• What you will do
Since only part of the material below is wanted, output exactly the lines from the one with "AirPods Pro 3." up to and including the one with "This stylish open".

• Material for this task
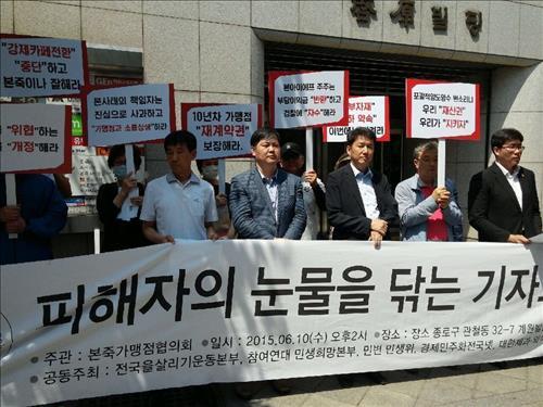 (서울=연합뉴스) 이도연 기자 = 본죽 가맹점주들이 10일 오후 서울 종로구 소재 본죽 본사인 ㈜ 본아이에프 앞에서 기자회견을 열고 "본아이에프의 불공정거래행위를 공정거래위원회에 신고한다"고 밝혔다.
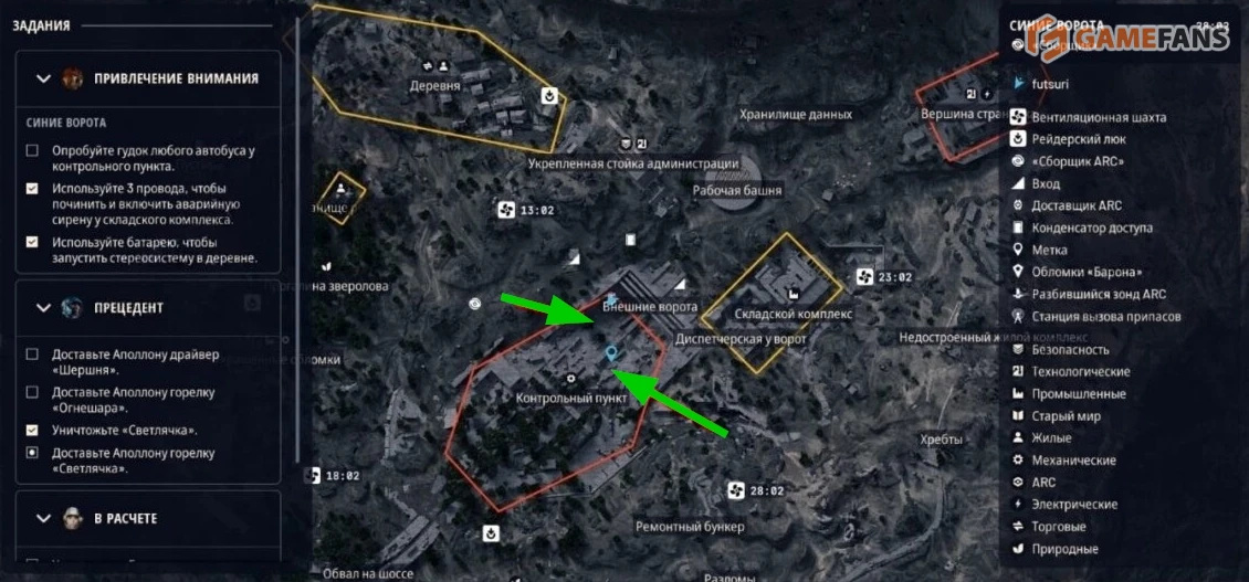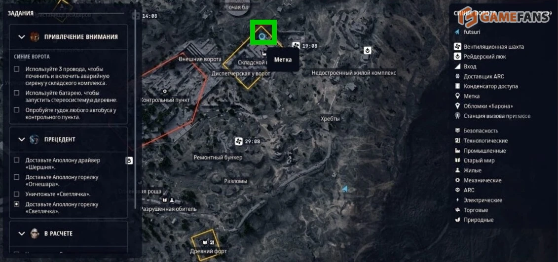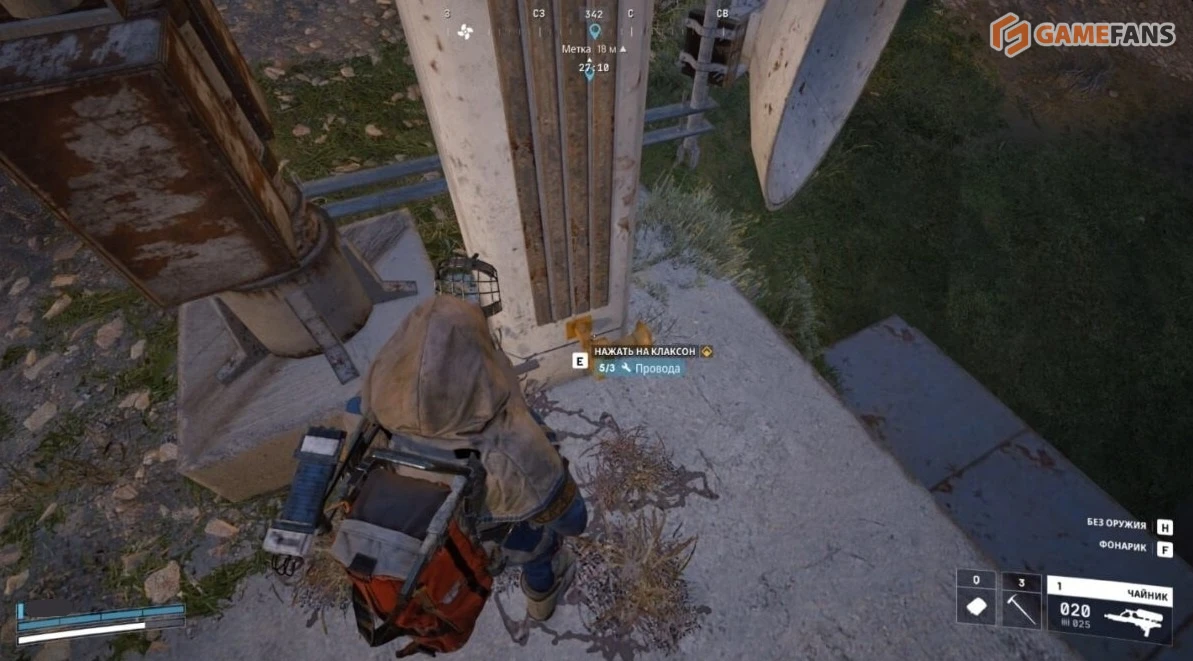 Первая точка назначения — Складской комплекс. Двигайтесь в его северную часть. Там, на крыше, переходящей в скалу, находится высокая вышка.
...
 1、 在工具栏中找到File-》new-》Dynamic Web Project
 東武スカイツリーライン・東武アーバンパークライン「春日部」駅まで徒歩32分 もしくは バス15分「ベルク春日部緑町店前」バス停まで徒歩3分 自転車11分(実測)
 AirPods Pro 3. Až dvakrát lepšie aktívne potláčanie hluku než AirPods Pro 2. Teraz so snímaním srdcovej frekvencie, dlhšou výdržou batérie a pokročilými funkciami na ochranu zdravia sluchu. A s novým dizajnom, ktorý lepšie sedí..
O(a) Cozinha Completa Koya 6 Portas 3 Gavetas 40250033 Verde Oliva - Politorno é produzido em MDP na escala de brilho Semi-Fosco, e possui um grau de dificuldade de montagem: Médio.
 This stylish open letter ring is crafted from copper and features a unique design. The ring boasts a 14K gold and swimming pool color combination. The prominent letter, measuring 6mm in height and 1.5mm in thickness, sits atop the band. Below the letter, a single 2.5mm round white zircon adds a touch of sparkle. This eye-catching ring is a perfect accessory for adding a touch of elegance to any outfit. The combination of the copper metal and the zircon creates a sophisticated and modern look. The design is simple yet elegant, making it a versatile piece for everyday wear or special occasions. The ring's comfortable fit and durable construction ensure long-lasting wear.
...
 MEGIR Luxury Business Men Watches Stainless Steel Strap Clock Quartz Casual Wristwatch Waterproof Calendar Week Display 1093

• Exercise solution
 AirPods Pro 3. Až dvakrát lepšie aktívne potláčanie hluku než AirPods Pro 2. Teraz so snímaním srdcovej frekvencie, dlhšou výdržou batérie a pokročilými funkciami na ochranu zdravia sluchu. A s novým dizajnom, ktorý lepšie sedí..
O(a) Cozinha Completa Koya 6 Portas 3 Gavetas 40250033 Verde Oliva - Politorno é produzido em MDP na escala de brilho Semi-Fosco, e possui um grau de dificuldade de montagem: Médio.
 This stylish open letter ring is crafted from copper and features a unique design. The ring boasts a 14K gold and swimming pool color combination. The prominent letter, measuring 6mm in height and 1.5mm in thickness, sits atop the band. Below the letter, a single 2.5mm round white zircon adds a touch of sparkle. This eye-catching ring is a perfect accessory for adding a touch of elegance to any outfit. The combination of the copper metal and the zircon creates a sophisticated and modern look. The design is simple yet elegant, making it a versatile piece for everyday wear or special occasions. The ring's comfortable fit and durable construction ensure long-lasting wear.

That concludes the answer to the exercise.